Hab auch keine Ahnung, wie ich das auf Serverebene lösen soll. Kann der Server vor dem Aufruf des Applets nicht überprüfen, ob das File geöffnet ist und wenn es geöffnet ist, einfach nur eine Nachricht an den Benutzer schicken, ohne das Applet aufzurufen?


----------



## Gast (14. Jul 2006)

Gebe es vielleicht die Möglichkeit, vom Applet eine Variable an die HTML-Seite zu übergeben, das bedeutet, wenn diese Variable einen bestimmten Wert hat, dann wird von der Seite das Applet nicht aufgerufen, sondern eine Fehlerseite angezeigt? Wäre das möglich?


----------



## Gast (14. Jul 2006)

Also, so wie es aussieht, habe ich eine Möglichkeit, beim Server zu bestimmen, dass ein Programm nur einmal aufgerufen werden kann.

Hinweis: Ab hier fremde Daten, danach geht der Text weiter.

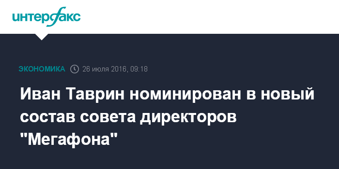Москва. 26 июля. INTERFAX.RU - Бывший гендиректор ПАО "Мегафон" Иван Таврин номинирован в новый состав совета директоров компании.
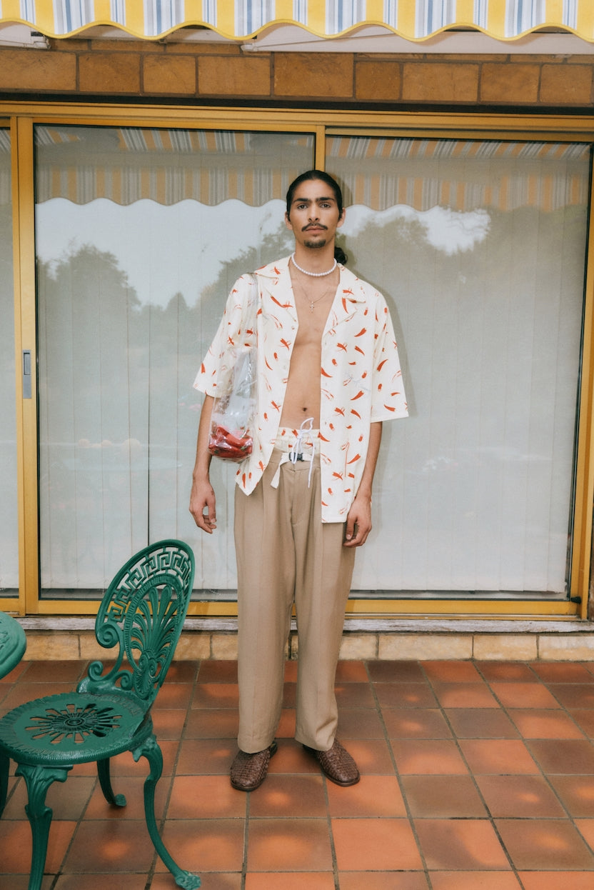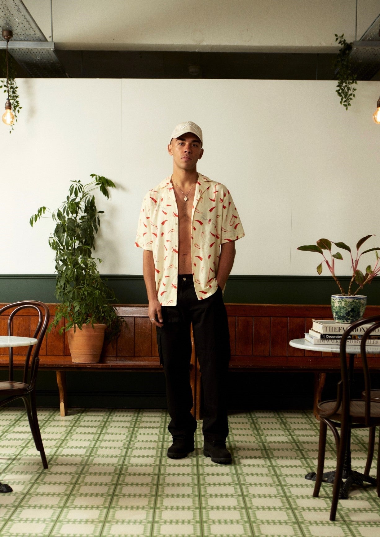 Laid-back and loose, the Signature Chilli Shirt is a short-sleeved number with a playful chillis print, careful placed elements of embroidery against a warm neutral background. It’s crafted from breathable cotton and features an open spread collar for a sunny look.

Allerdings ist da jetzt das Problem, dass das Applet ja auf den Client runtergeladen wird und somit weiterhin aufgerufen werden kann, oder hab ich das jetzt falsch verstanden und das Applet kann NUR über den Server gestartet werden.


----------



## Gast (14. Jul 2006)

es gibt auch eine alternative aber die funktioniert nur pro JVM und zwar mit einer statische variable.
so in der art:
public class SingleApplet2 extends JApplet {

    public static int i=0;// es gilt nur pro JVM
    public SingleApplet2()
    {
        if(i==0)
        {
            System.out.println("es läuft kein instance vom Applet");
            System.out.println("das Programm kann normal laufen");
            i=1;
        }
        else
        {
            System.out.println("es laüft schon ein instanz");
            return;
        }
    }
.... 



eine andere Lösung fällt mir gerade nicht ein.

Youssef


----------



## Leroy42 (14. Jul 2006)

Sowas kann *nur* durch einen Server teilweise kontrolliert werden.
Wer sagt dir denn, daß der User das Applet nicht irgendwann lokal
heruntergeladen hat? Ein Starten des Applets kannst du niemals verhindern;
du kannst jedoch die Aktionen des Applets einschränken/ändern.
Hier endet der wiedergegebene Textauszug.